**Your assignment**
The lines below from the one with "Это происходит за" up to and including the one with "K monitoru je" are what you should set down, exactly and without pictures.

**Data under study**

[Start of Attachment]

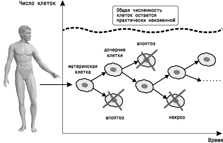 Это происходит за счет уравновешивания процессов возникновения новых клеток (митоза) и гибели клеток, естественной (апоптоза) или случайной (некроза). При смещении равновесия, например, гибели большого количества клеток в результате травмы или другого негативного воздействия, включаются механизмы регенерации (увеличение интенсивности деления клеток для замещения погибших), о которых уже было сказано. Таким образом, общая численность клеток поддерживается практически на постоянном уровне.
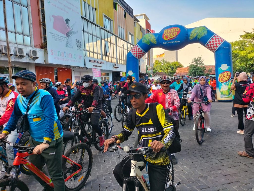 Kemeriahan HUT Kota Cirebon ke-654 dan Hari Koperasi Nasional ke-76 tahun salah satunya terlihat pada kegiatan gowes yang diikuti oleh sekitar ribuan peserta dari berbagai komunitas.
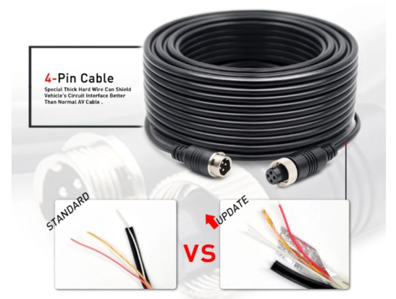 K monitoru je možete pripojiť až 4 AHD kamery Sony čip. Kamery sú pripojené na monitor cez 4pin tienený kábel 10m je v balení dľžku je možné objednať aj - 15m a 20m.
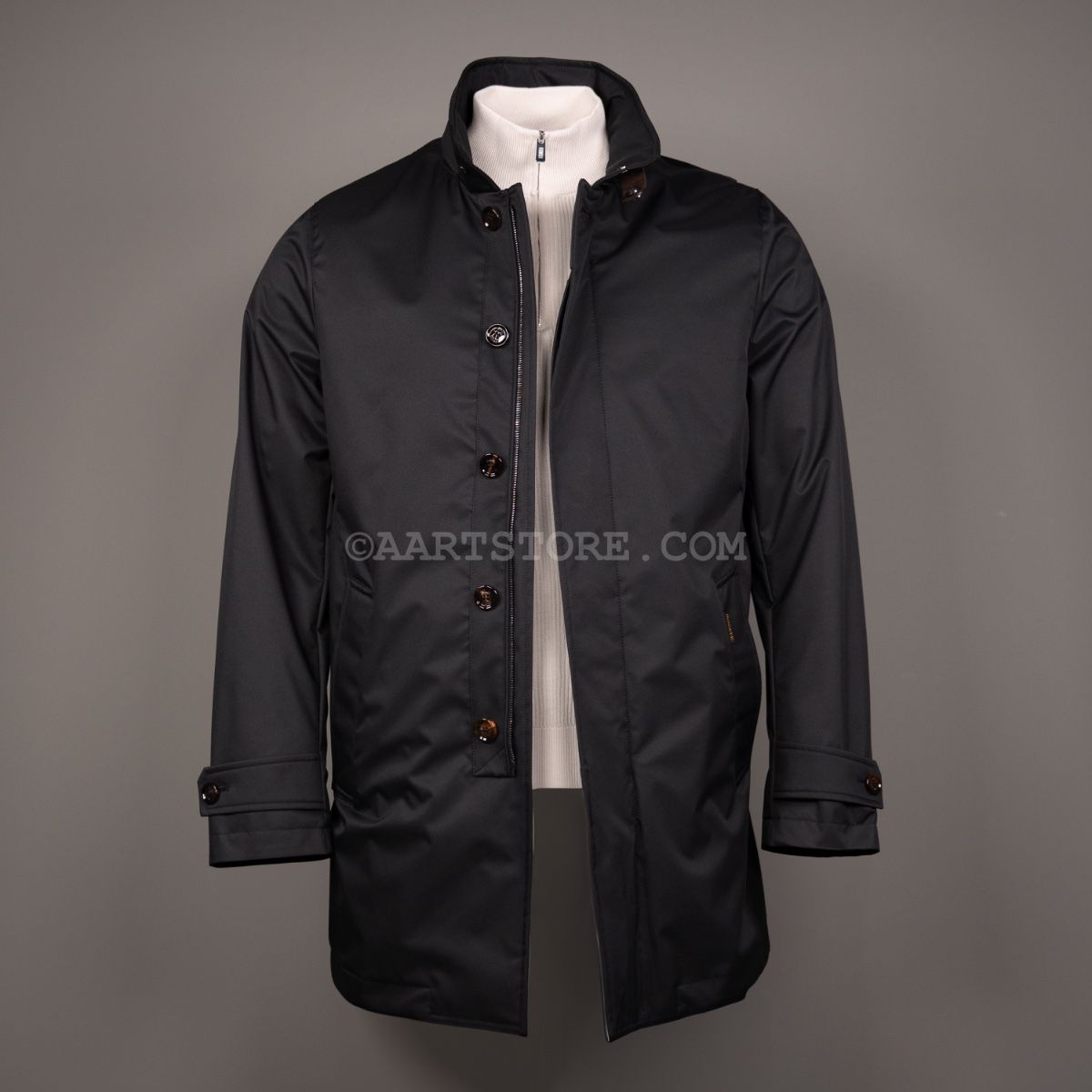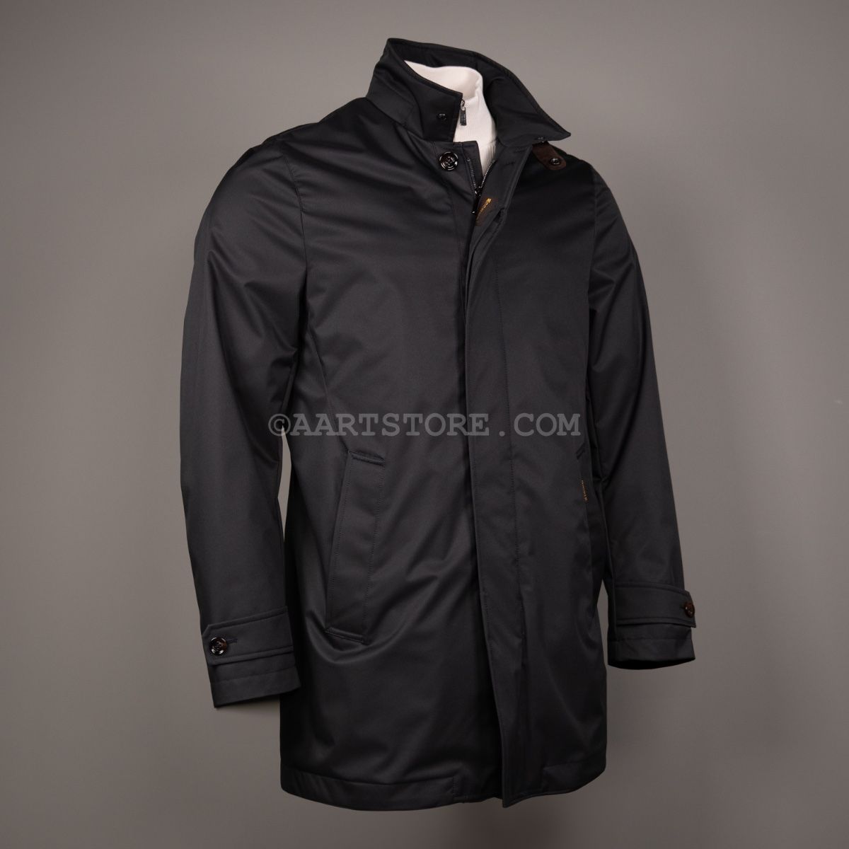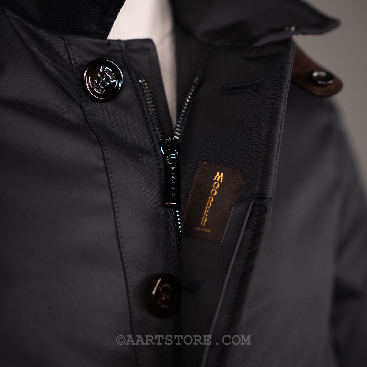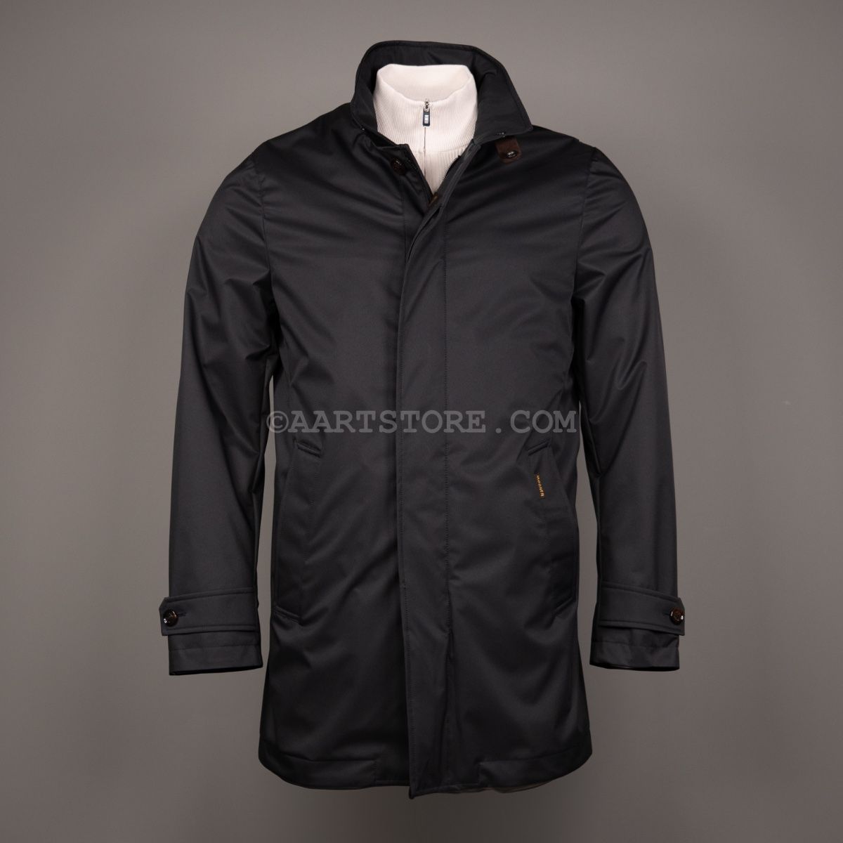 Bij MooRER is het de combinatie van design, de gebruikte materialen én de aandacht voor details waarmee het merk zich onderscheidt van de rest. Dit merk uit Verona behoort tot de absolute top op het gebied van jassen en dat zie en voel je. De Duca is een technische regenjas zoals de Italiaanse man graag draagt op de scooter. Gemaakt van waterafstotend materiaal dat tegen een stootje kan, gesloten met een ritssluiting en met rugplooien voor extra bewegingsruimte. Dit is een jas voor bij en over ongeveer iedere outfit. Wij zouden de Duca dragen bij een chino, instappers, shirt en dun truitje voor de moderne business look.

[End of Attachment]
[Start of Attachment]

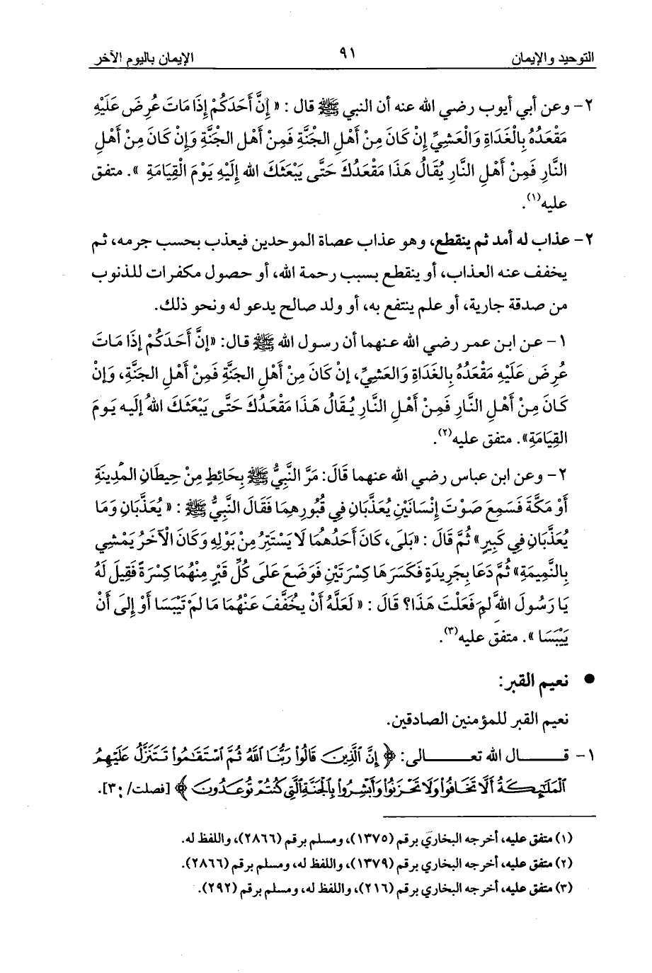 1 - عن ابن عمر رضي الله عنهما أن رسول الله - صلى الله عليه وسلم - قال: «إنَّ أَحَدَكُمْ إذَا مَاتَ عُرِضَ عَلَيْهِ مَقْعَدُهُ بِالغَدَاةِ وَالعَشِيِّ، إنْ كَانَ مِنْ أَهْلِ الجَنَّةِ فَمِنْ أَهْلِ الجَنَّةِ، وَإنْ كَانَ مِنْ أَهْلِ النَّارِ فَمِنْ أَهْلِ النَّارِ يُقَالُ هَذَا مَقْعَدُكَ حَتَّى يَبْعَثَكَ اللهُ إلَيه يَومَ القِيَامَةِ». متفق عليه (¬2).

[End of Attachment]

**Answer box**
 Это происходит за счет уравновешивания процессов возникновения новых клеток (митоза) и гибели клеток, естественной (апоптоза) или случайной (некроза). При смещении равновесия, например, гибели большого количества клеток в результате травмы или другого негативного воздействия, включаются механизмы регенерации (увеличение интенсивности деления клеток для замещения погибших), о которых уже было сказано. Таким образом, общая численность клеток поддерживается практически на постоянном уровне.
 Kemeriahan HUT Kota Cirebon ke-654 dan Hari Koperasi Nasional ke-76 tahun salah satunya terlihat pada kegiatan gowes yang diikuti oleh sekitar ribuan peserta dari berbagai komunitas.
 K monitoru je možete pripojiť až 4 AHD kamery Sony čip. Kamery sú pripojené na monitor cez 4pin tienený kábel 10m je v balení dľžku je možné objednať aj - 15m a 20m.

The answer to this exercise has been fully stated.